At the local hospital, husband-and-wife Doctors Block and Block
(Brolin and Shelton) seek to determine the source of the zombie outbreak
while resolving issues apropos their own deteriorating marriage (read:
lesbian infidelity). The survivors, including mad scientist Abby
(Andrews), Texas BBQ proprietor JT (Fahey) and his brother, Sheriff
Hague (Biehn) band together against the growing zombie army and a
quasi-government force that will stop at nothing for a cure.
Rodriguez has followed the lead of his hero, fellow Renaissance
Man/Type A multi-hyphenate John Carpenter, by assuming most creative
positions (director, writer, producer, composer, editor, cinematographer)
on his picture. The result is an enjoyable trifle, all said, though
you wonder how much Rodriguez can truly enjoy a genre that he loads
with so much winking, ironic scorn. Planet Terror is ridiculous to
the point of satire; it’s not that exploitation isn’t
worthy of the treatment so much as it’s masturbatory and beside
the point.
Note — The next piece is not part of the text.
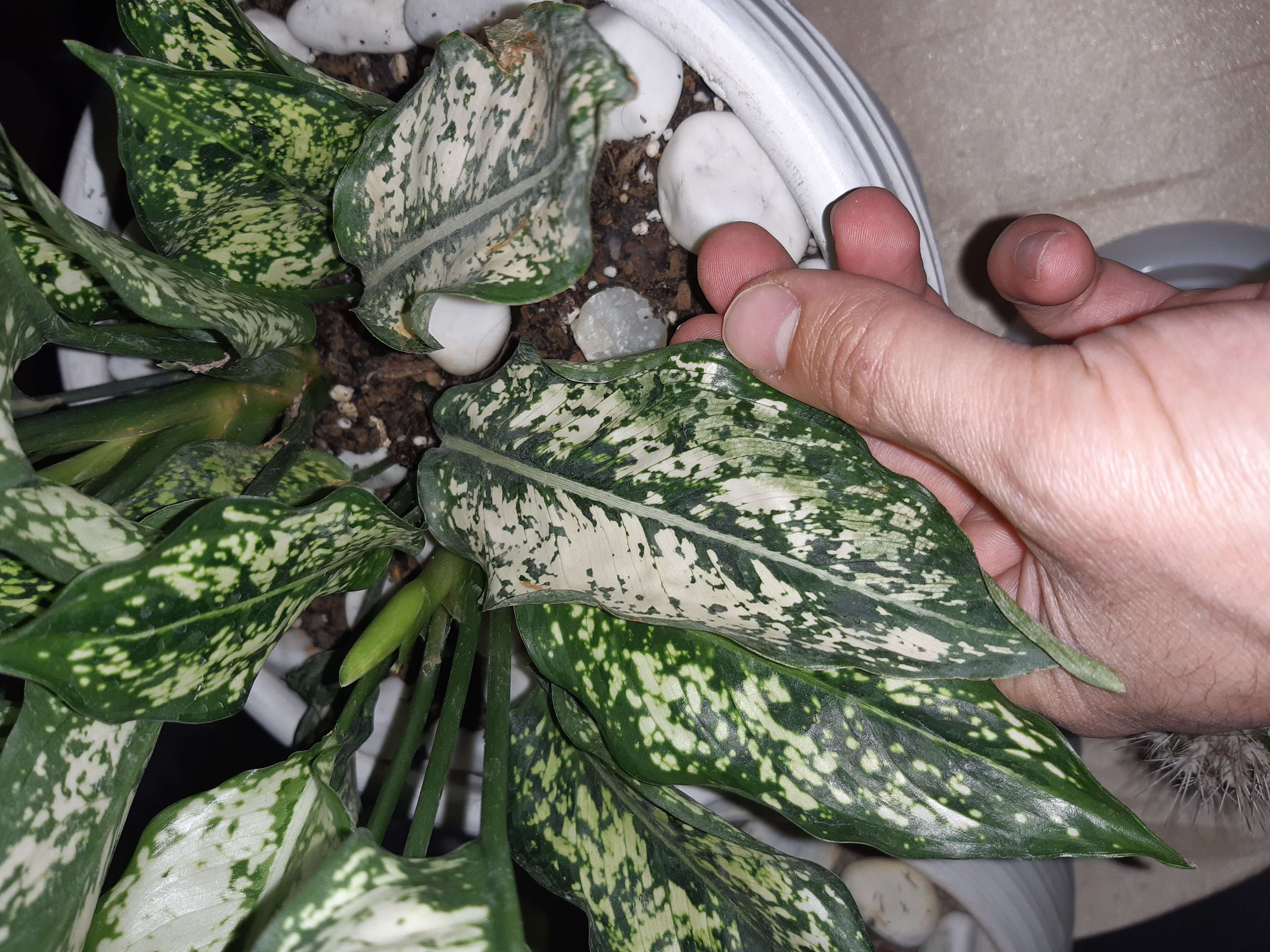 سلام چند روزه یه آگلونما برفی گرفتم گلدانش هم عوض کردم ولی احساس میکنم برگایی پایین گیاه چنتاشون لوله شدن و رو یکی از برگ ها لک افتاده علتش چی میتونه باشه ؟

No one needs to have the absurdity of these B-movie spatterfests
pointed out; if they did, someone wasn’t carding at the door.
Rather than make an interesting film, Rodriguez has decided to parody
some bad ones. Even if he succeeds more than he fails, where’s
the fun in that?
Quentin Tarantino harbors no such conflicted feelings. For good
or bad, exploitation is a genre he actually likes (having called
grindhouse filmmaker Jack Hill “the
greatest living American director” and
meant it); he’s made a living appropriating the conventions
of exploitation, applying his own stylized, fanboy aesthetic, and
creating high art. In Death Proof, Tarantino has not set
out to belittle films like Vanishing Point or Gone
in 60 Seconds (the original) but
simply to make a better version. He’s succeeded, despite only
writing, directing, producing, and shooting his own film, likely
making him the butt of jokes in the Rodriguez household.
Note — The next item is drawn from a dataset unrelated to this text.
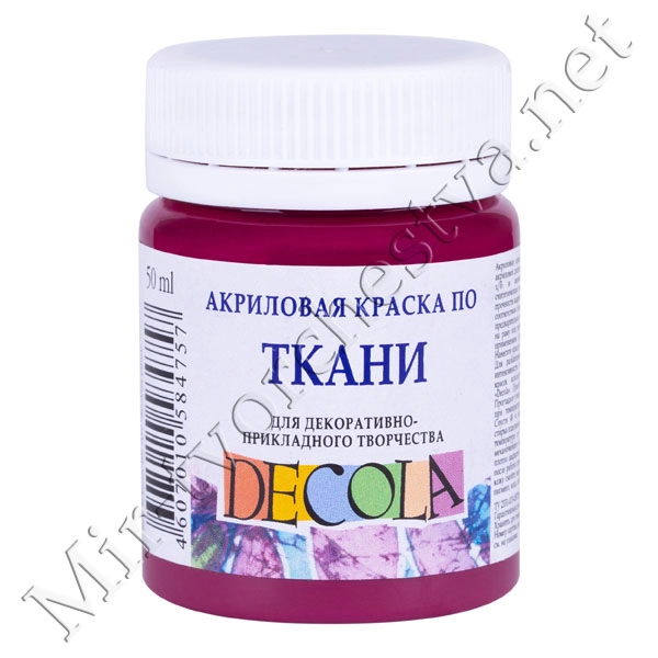 Краска акриловая по ткани, Карминовая, 50мл, Decola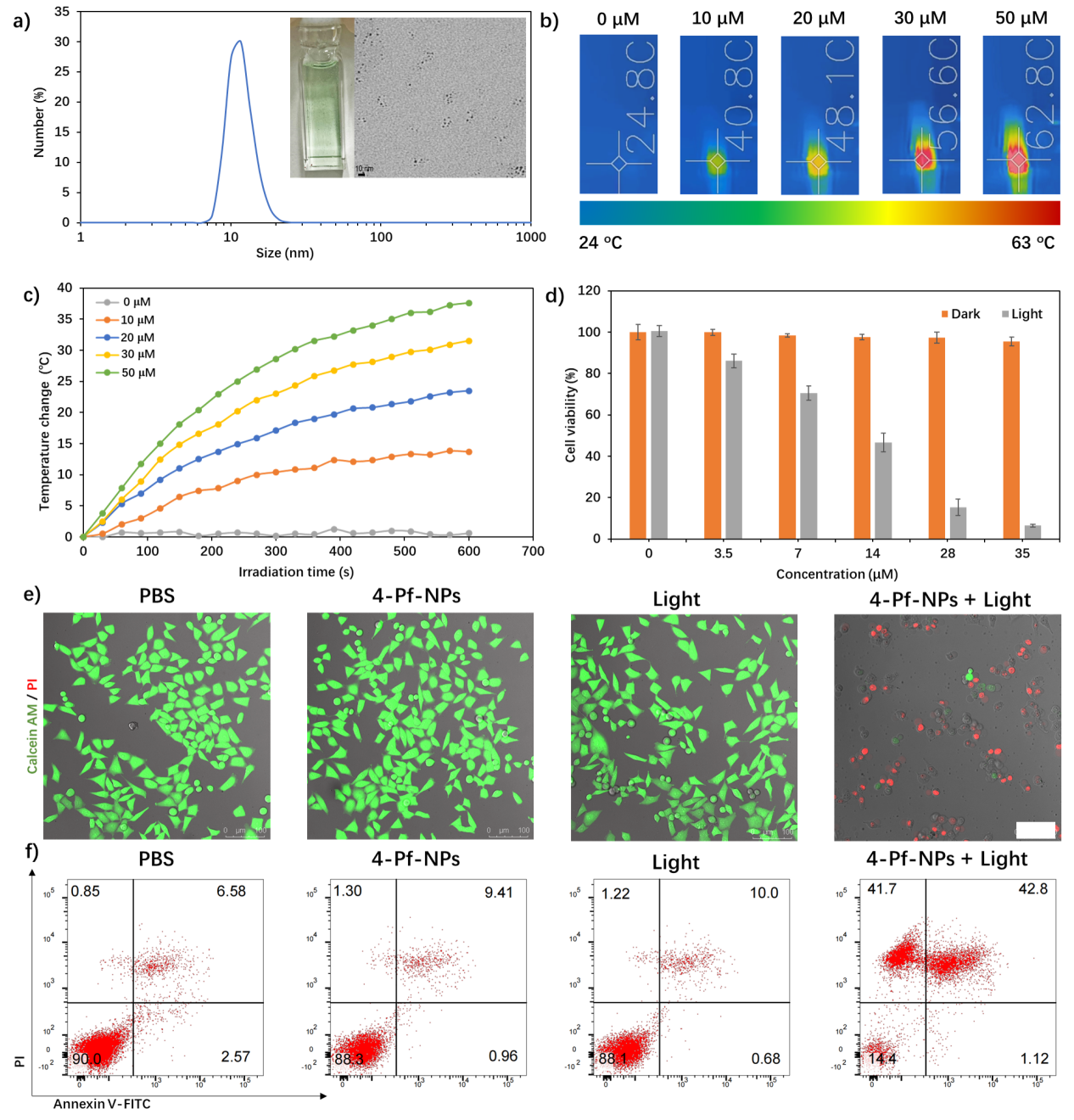 图3. 4-Pf-NPs的光热性质表征及在体外的光热治疗效果研究

The plot is a study in simplicity. Death Proof is essentially two
extended dialogue scenes with two sets of female leads (Dawson, Ferlitto,
Ladd, and Bell among others) piggy-backed by action set-pieces involving
a deranged movie stuntman (displaced by age and CGI, suggesting a
quasi-Luddite theme) known as Stuntman Mike. Thusly, we get to know
these women a little before Stuntman Mike tries to kill them; it’s
an obvious conceit, but great filmmakers are always demonstrating
how the fundamental is ignored by hacks. The car chase sequences
are fairly masterful in the way Tarantino uses music, framing, and
editing to forge suspense and empathy (and further, real menace),
even building off each other until a climactic paraph of typical
of the director’s interesting vision of female empowerment
(like Jack Hill and Russ Meyer, Tarantino dreams of zaftig women
who can beat him up). For those keeping track, feet (another Tarantino
staple/fetish) also figure prominently, accompanying the director’s
screen credit in what must be a filmic in-joke.
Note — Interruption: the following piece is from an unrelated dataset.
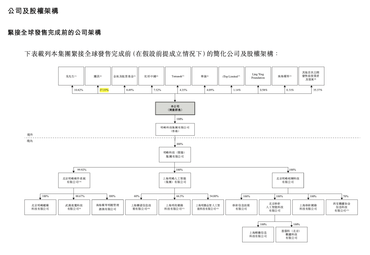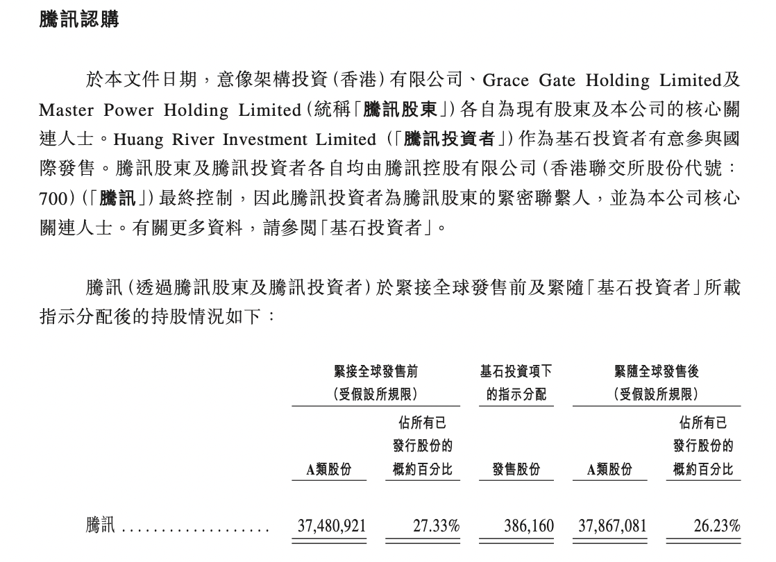 值得一提的是,腾讯既是大股东,又是基石投资人。腾讯作为明略科技持股27.33%的最大机构股东,有意作为基石投资者进行认购38.62万股,认购金额为5445万港元。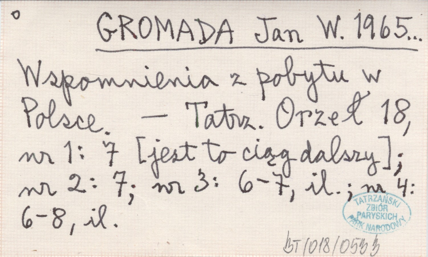 GROMADA Jan W. 1965... Wspomnienia z pobytu w Polsce.

Besides the Tarantino/Rodriguez double bill, Grindhouse features
four faux-trailers by Rodriquez, Edgar Wright (Shaun
of the Dead),
Eli Roth (Hostel), and Rob Zombie (House of
1000 Corpses). Wright’s
take on Britspoitation, Don’t, is the best of the
lot, followed by Roth’s holiday slasher Thanksgiving.
Zombie’s parody
of Nazi sex and sadism, Werewolf Women of the
SS leaves little impression
while Rodriguez’s Machete is noteworthy for its superficial
resemblance to current Mark Wahlberg release, Shooter. All
four can be found on YouTube should
you be so inclined.
Interesting footnote: Obviously, Grindhouse is not Tarantino
and Rodriguez's first collaboration, nor is it their first attempt
at an abbreviated double feature. Tarantino wrote and stars in From
Dusk Till Dawn (he also appears in Desperado), which
Rodriguez directed; the picture is essentially two in one – gangster/hostage
and vampire movie (Rodriguez reportedly asked Tarantino to co-direct,
but he declined). Tarantino also directed a scene in Sin
City. On
the other side, Rodriguez wrote music for Kill
Bill: Vol. 2 and supposedly
did some uncredited directing work on Pulp Fiction. They
each wrote/directed segments of 1995 anthology film Four Rooms.